We meet here the Egyptian queen Nefertiti and her husband, Akhenaten, promoting a new god, Aten, the great hymn to whom is usually attributed to Akhenaten, but “it might also have been written by Nefertiti… In the past, the royal wives played a minor or at least subordinate role in the worship, but Nefertiti’s function in the Aten cult was equal to that of her husband”. In other words, the credit for inventing the Semitic monotheism at least partly goes to her as well.

Puchner’s brief narrative of invention and propagation of monotheism underlines the fact that it is not a divine given or a ‘natural’ evolution. The ideas of culture and codes of conduct have always been intertwined with the concept of divinity in all human communities. These concepts cannot always be translated as ‘religion’; the idea of ‘Dharma’ is a case in point, which was not at all confined to the ‘duties of the king’, not even for the ‘Brahmin priests’, as Puchner seems to think.

Monotheism sought to replace other conceptions of divinity and codes of ethics with a provincial, self-righteous invention. A serious reflection on the break in human culture caused by this aggressively patriarchal concept (mostly through violent means) should have led to serious engagement with those traditions available till now with ‘remarkable continuity’ wherein the feminine conception of divinity is as important as the masculine one. After all, Hinduism, unlike Nefertiti’s cult of Aten, is not confined to antiquity. Sadly, it is missing here.

Focusing on art objects and literary works, Puchner makes a welcome, deliberate move to underline women’s contribution in the making of human culture. Along with Plato, Aristotle, Xuanzang, Ibn Sina, Camoes, Ashoka, Charlemagne and Wole Soyinka, the figures of queen of Sheba, Sei Shonagon (Japan, 10th century) and Hildegard (Germany, 11th century) get what is due to them. His narrative starting with Nefertiti comes to an end with Margaret Atwood inaugurating Katie Paterson’s future library project in the Norwegian forest.

But, this welcome move hardly compensates for the basic flaw of this book. Let me explain. Puchner righty holds that culture is all about ‘transplant, graft and borrowing’. Far from the fantasies of purity, the making of culture is about encounters and dialogue and translation is a vehicle of cultural mobility. He concludes his episodic survey thus: “…culture thrives on syncretism, not on purity, on borrowing cultural forms, rather than locking them away.”

He further warns, “Again and again, cultural history shows that it is purists and puritans, those invested in ideas of spotless virtue of whatever stripe, that are more likely to engage in acts of cultural destruction”; hence, “we must choose between isolation or circulation, purity or mixture, possessing culture or sharing it”.

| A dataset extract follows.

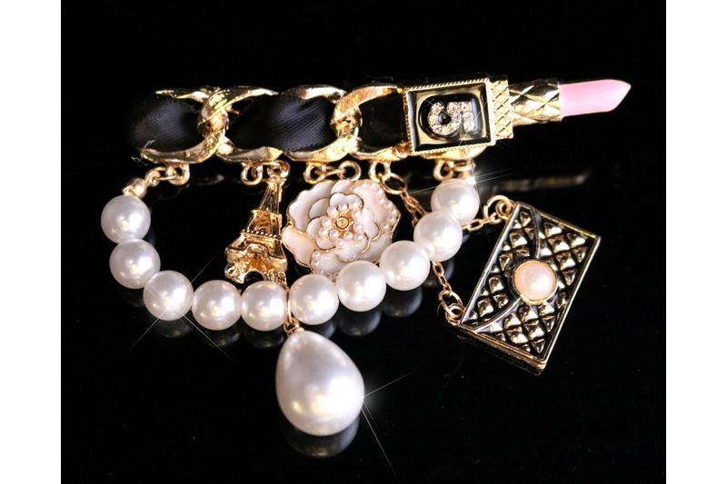A beautiful Chanel-style brooch-with fine details that make it special. It looks very feminine, glamorous and modern at the same time. Depending on the angle of view, it sometimes stylish and contemporary. Perfect for combining with a blazer, a an elegant fastening for a cardigan or as a highlight on a coat-a versatile accessory with statment character.

Many of us (certainly in India) are familiar with the expression ‘syncretic culture’, even if some are uncomfortable with it. It refers to a unique cultural process characterised by clash, repression, resistance and yet by coexistence and collaboration in political, economic and cultural spheres. India was the only country in the early modern period where large-scale Muslim presence, in fact an eight-century rule, did not result in the conversion of the entire population. Neither were the Muslims expelled and Islamic influence eradicated later on, as happened in Spain. The interaction of Islamic tradition with the pre-Islamic ones in India led to the emergence of new mixed forms and themes in architecture, painting, literature and music; also, a magnificent translation project spread over several centuries. Most importantly, it led to unprecedented innovations in religiosity, daring enough to imagine a non-denominational concept of divinity. It even led to the emergence of a new syncretic language — Urdu, and as everybody knows, a language is the most durable repository of a cultural legacy.

The early modern South Asia provides the most exciting exemplar of Puchner’s own paradigm, and yet in this ‘new world history’, it is conspicuous by its total absence, which makes it marred by utopia, tall claims notwithstanding.